** ACTION ITEM **
In the data below, find the line with "Many blue stickers" and the line with "Based in Texas.", then restate both and every line between them exactly, minus the pictures.

** Stored records **
>>>
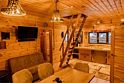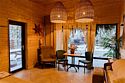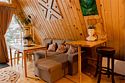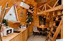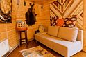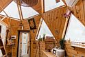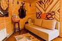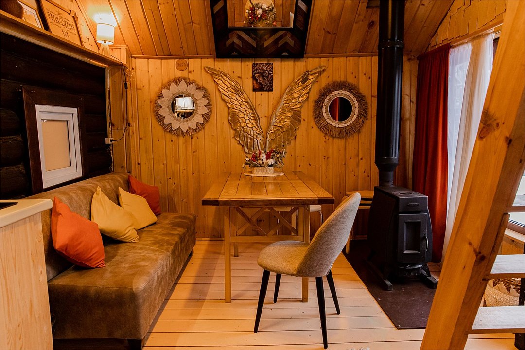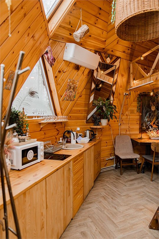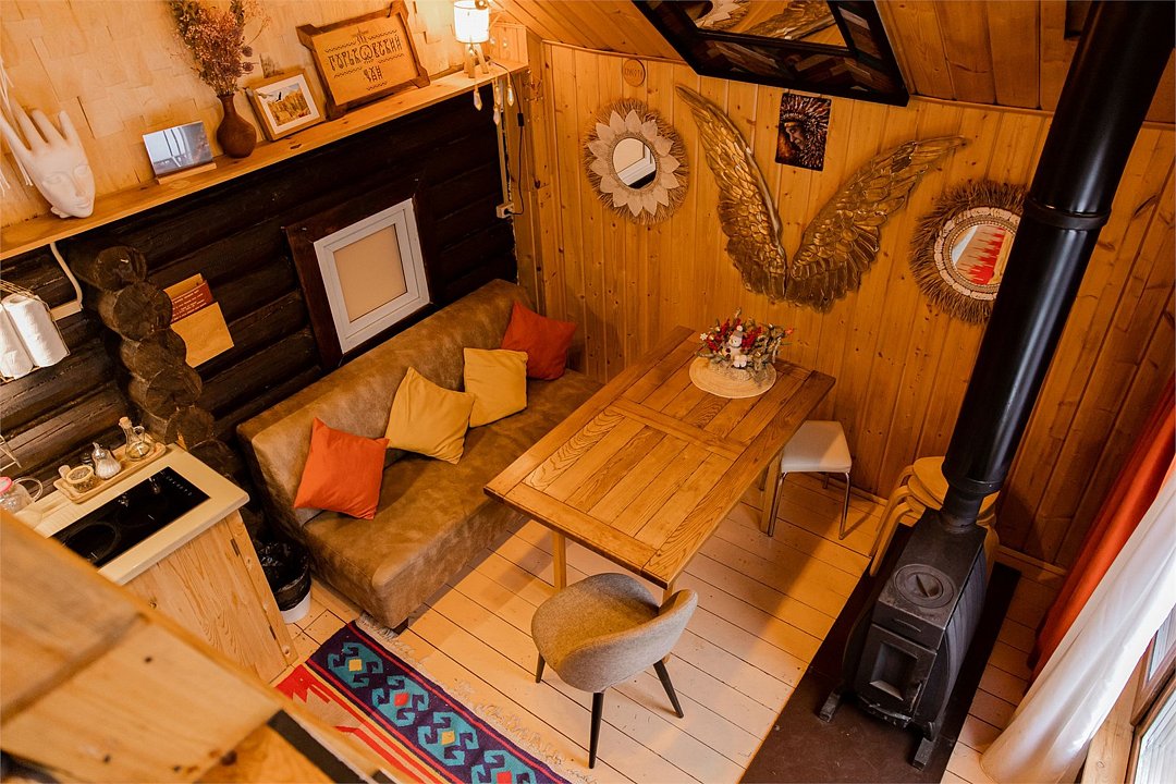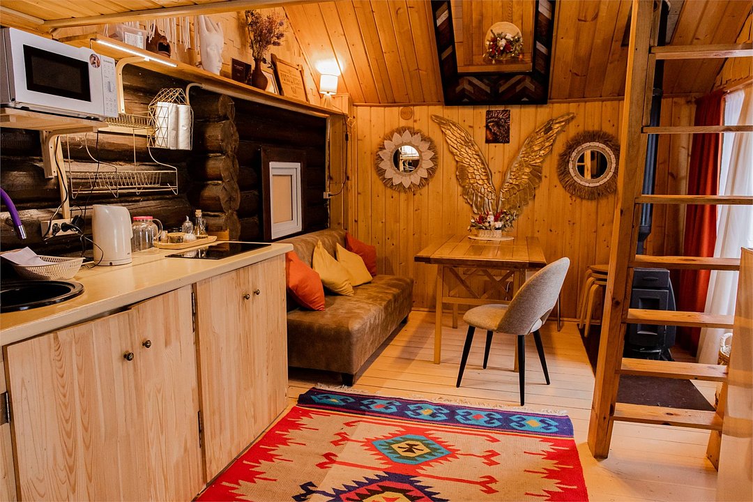 Внутри — две односпальные кровати, которые можно сдвинуть или раздвинуть по желанию, односпальный диван. Мини-кухня, оборудованная всем необходимым. В домике — раздельные душ и туалет, горячая вода.
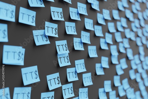 Many blue stickers on black board background with symbol of Trinidad and Tobago dollar drawn on them. Closeup view with narrow depth of field and selective focus. 3d render, illustration
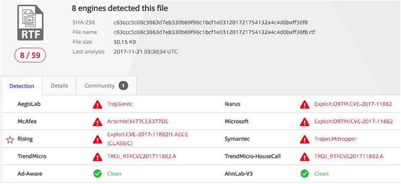 补丁发布几天后,网上就出现了漏洞利用POC,随后瑞星又捕获到一个使用此漏洞的病毒样本。多引擎扫描网站Virustotal上的扫描结果显示,瑞星是国内第一家可以对此病毒样本进行拦截查杀的安全公司。
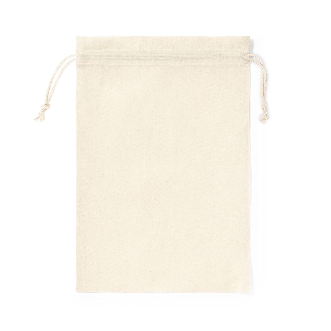 Bolsa de línea nature en resistente material 100% algodón de 105g/m2, con acabado en color natural. Cierre de cordón de algodón y acabado cosido.
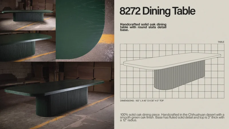 Based in Texas. Each piece is meticulously crafted by our dedicated artisans, ensuring quality and individuality. We collaborate with designers and architects to produce bespoke pieces, alongside a curated collection of over 80 designs, including dining tables, sideboards, chairs, and more.
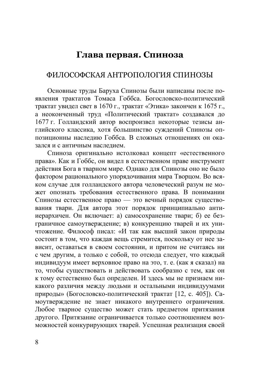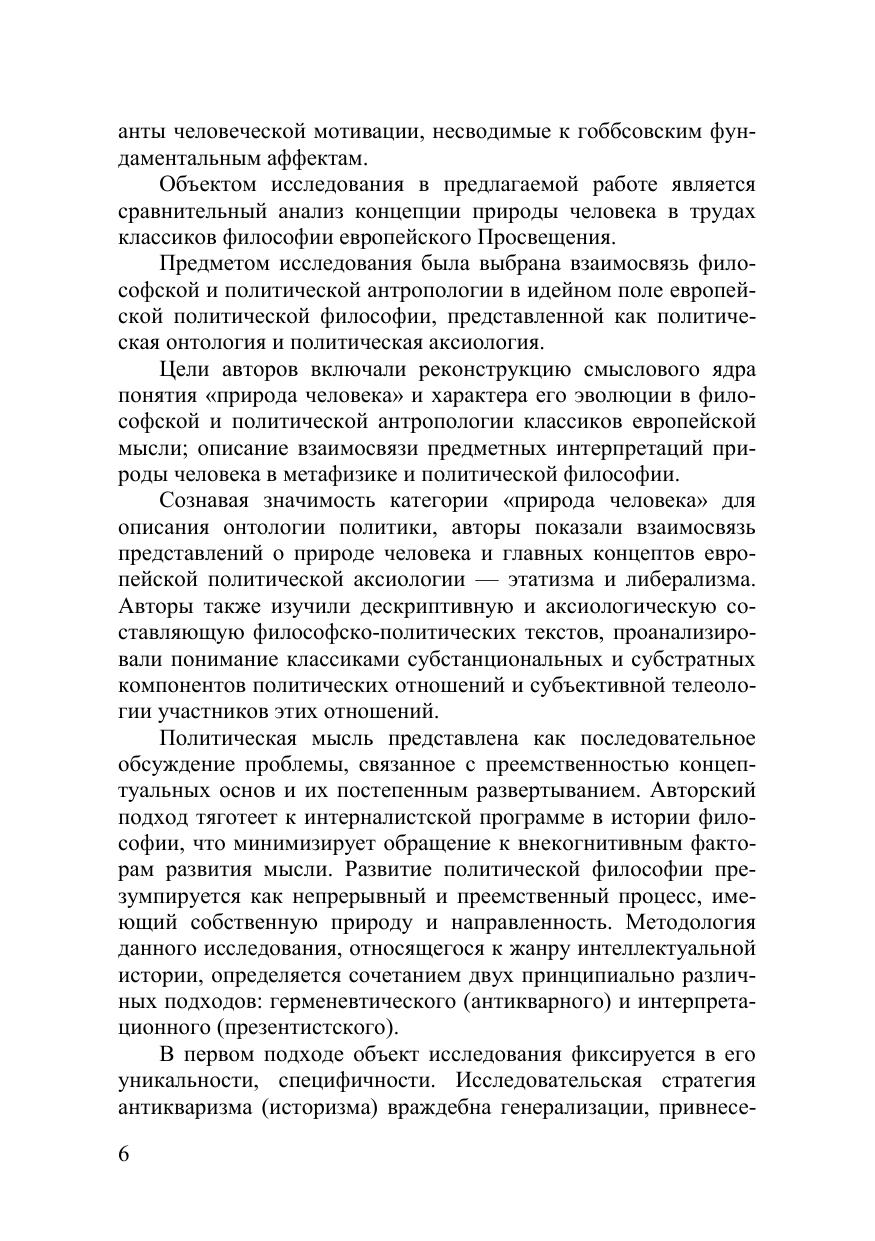 Книга является продолжением ранее вышедшего издания «Левиафан и Homo rebellеs (История политической антропологии в европейском фило-софском сознании. Античность — Новое время)». В монографии представлены воззрения на природу человека классиков европейской философии (Спиноза, Локк, Юм, Монтескье, Руссо, Морелли, Гельвеций и Гольбах), которые твори-ли между двумя европейскими революциями в эпоху Просвещения (XVIII в.). В работе прослеживается переход от философской антропологии к политиче-ской онтологии и аксиологии, представленный в трудах этих авторов. В эпоху Просвещения возникает базовый политический проект совре-менности — либерализм, рассматривающий свободу индивида и подотчет-ность ему власти как фундаментальную норму. Философской традицией, ока-завшейся адекватной либерализму, становится антропологизм (представление о реальности как проекции человеческой природы). В политической филосо-фии Просвещения антропологизм не нашел адекватной реализации, поскольку мыслители разрабатывали феноменалистскую модель человека, которая соот-ветствовала проекту этатизма, а не либерализма. Монография посвящена ис-следованию этого противоречия и поиску адекватной либерализму модели чело-века в философии Просвещения. В книге также анализируются основные поня-тия классической политической философии: естественное право, естественный закон, политический разум, легитимация власти, общественный договор, право на восстание, дилемма безопасности, государственная мощь, автаркия. Монография представляет интерес для философов, историков обще-ственной мысли и политологов.
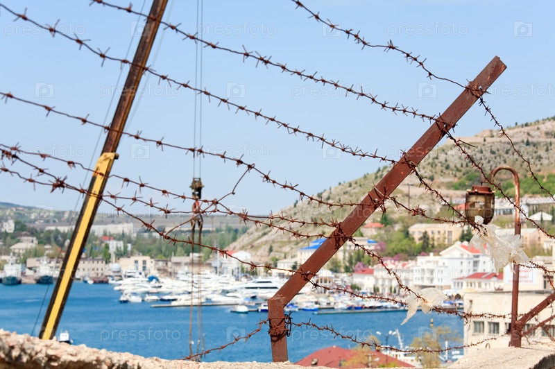 Вид через колючую проволоку на причал города Балаклава, синюю реку и горы на фоне голубого неба
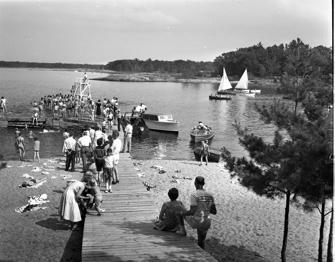 There’s something about the 30,000 Islands of Georgian Bay that’s hard to define or to beat. Seen above is a typical scene at Midland YMCA’s Camp Kitchikewana on a recent visitors’ day. Various forms of entertainment are well illustrated in the picture with swimming, diving, canoeing, rowing, and sailing. Or just sitting in the shade, like the couple in the foreground.
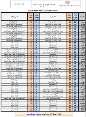 وأوضح المركز في نشرته الجوية اليوم الأربعاء، أن الحرارة القصوى على الجنوب تتراوح ما بين 37–41مْ، وتسجل تراجعا خلال اليومين القادمين على معظم المناطق الجنوبية.
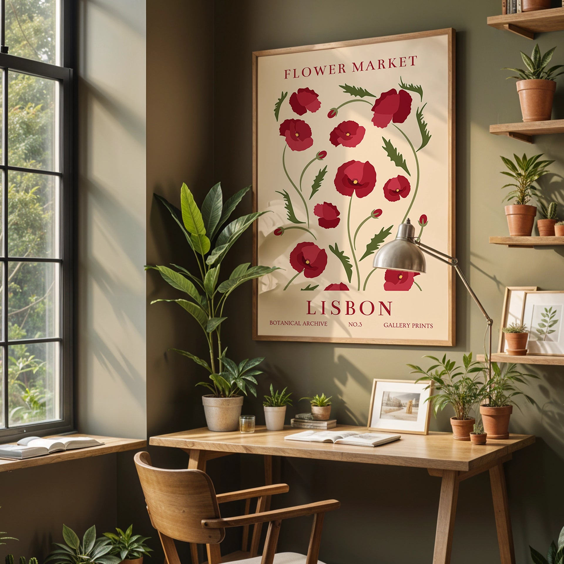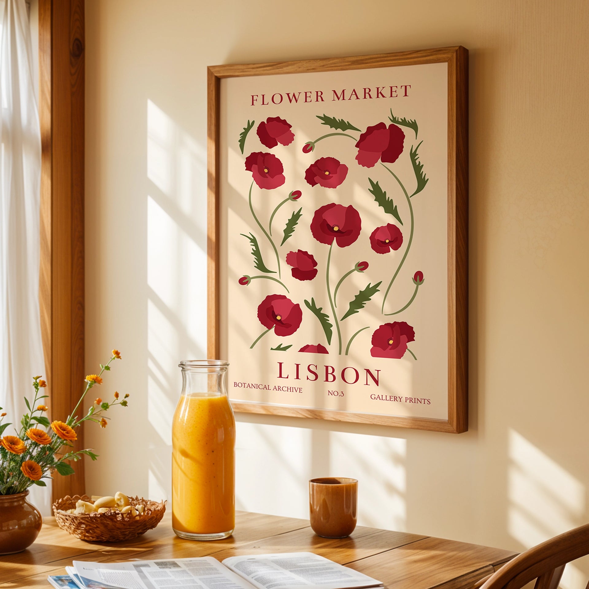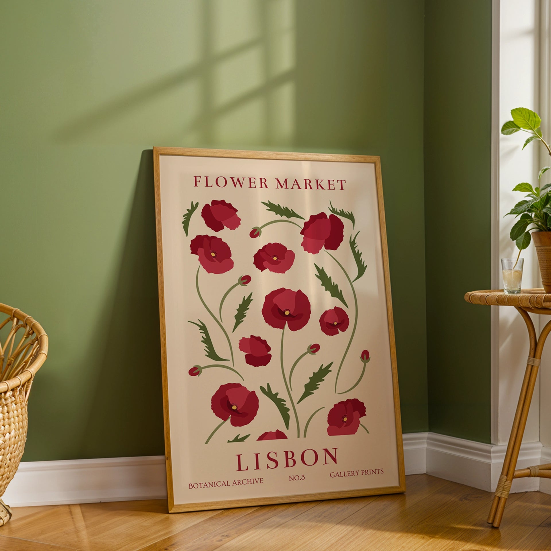 This print, titled 'Lisbon Flower Market', is a modern botanical illustration. It features an arrangement of stylised red flowers and green leaves on a light beige background, with the title and 'Botanical Archive' branding at the bottom.
<<<
** RESULT OF THE EXERCISE **
 Many blue stickers on black board background with symbol of Trinidad and Tobago dollar drawn on them. Closeup view with narrow depth of field and selective focus. 3d render, illustration
 补丁发布几天后,网上就出现了漏洞利用POC,随后瑞星又捕获到一个使用此漏洞的病毒样本。多引擎扫描网站Virustotal上的扫描结果显示,瑞星是国内第一家可以对此病毒样本进行拦截查杀的安全公司。
 Bolsa de línea nature en resistente material 100% algodón de 105g/m2, con acabado en color natural. Cierre de cordón de algodón y acabado cosido.
 Based in Texas. Each piece is meticulously crafted by our dedicated artisans, ensuring quality and individuality. We collaborate with designers and architects to produce bespoke pieces, alongside a curated collection of over 80 designs, including dining tables, sideboards, chairs, and more.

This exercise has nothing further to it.